Direct to consumer commerce, the convenience. Skip the trip to the pet food store. Buying a 50 pound bag of kibble is cumbersome. And yes, the dog used to sleep outside, now the dog sleeps in the bed. People treat dogs like family. given a lot of kind of macro thematics, a lot of folks are thinking like, there's gotta be a better way up the mountain for my dog, which is jolly beloved. And what I've been feeding historically could be causing allergies.
or obesity, this is like the pet health epidemic that people all do too. And usually the vet's the first line of defense. When you visit the vet, go, there's an issue. The first question is, what are you feeding your dog? Always. And that leads to optionality of like, well, you could have an allergy or these are highly extruded, capable diets. There could be other options here. And that's where kind of fresh human grade diets, which are formulated by the way for dogs' dietary needs, kind of have evolved.

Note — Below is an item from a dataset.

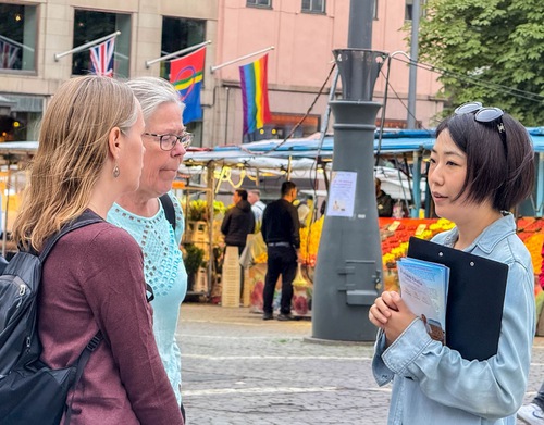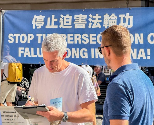 In early September 2025, Falun Dafa practitioners held a series of events in front of the Swedish Nobel Museum to gather signatures on a petition to end the persecution.
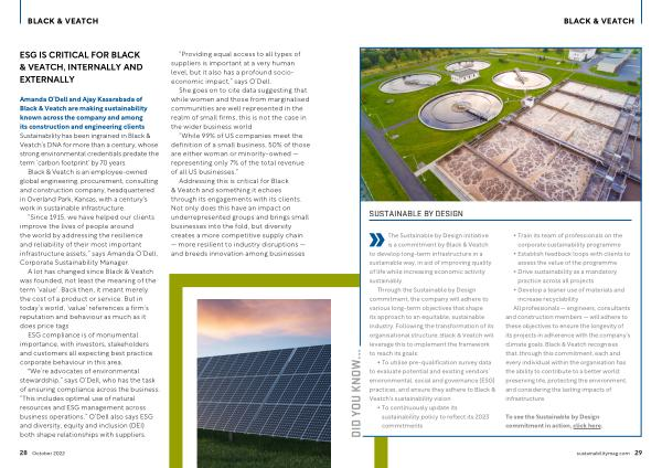 Amanda O ’ Dell and Ajay Kasarabada of Black & Veatch are making sustainability known across the company and among its construction and engineering clients Sustainability has been ingrained in Black & Veatch ’ s DNA for more than a century , whose strong environmental credentials predate the term ‘ carbon footprint ’ by 70 years .

And then the kind of tech enabled model has been a game change, you know, on subscription, personalized. But yes, to your original point, problem, we solved it in a studio apartment on the Upper East Side, which is a very cliche thing to say, but it's true. It was like 700 square feet. And we were kind of cooking and product and packaging it ourselves, bootstrapped it, side hustled it in the early days, and then realized that like millions of Americans felt the same way that we did and that we turned it into a company.
Adam Callinan (05:00)
you
In those early days when you were, you know, hardcore grinding bootstrapping it out of 700 square foot apartment in the upper East side, how did you find your first customer? That that was okay. I was going to say that wasn't like somebody you immediately knew, but that's a good one. Okay.
Russell Breuer (05:25)
the neighbor next door.
Hey man, New York, we're talking like high population density in the five boroughs like Manhattan. You only need to walk out of your apartment, look left, look right and look across the hall. And again, like dog ownership high. You know, New York City, historically there used to be, you know, certain riders and leases, i.e. like
Adam Callinan (05:36)
Yeah.
Russell Breuer (05:51)
Dog greater than 20 pounds not allowed or no dogs allowed. That's all changed. And so those were easy early adopters and of course like family and friends and they're like, what do you do? Most of my friends said, whatever you're doing in this pet food thing, don't do that. Like bad, okay? You know, there's like stop signs in life and it's like, here, make a decision. You know, most of the advice was like, stick to your day job. That's good. Do that. Don't do the other thing, which is...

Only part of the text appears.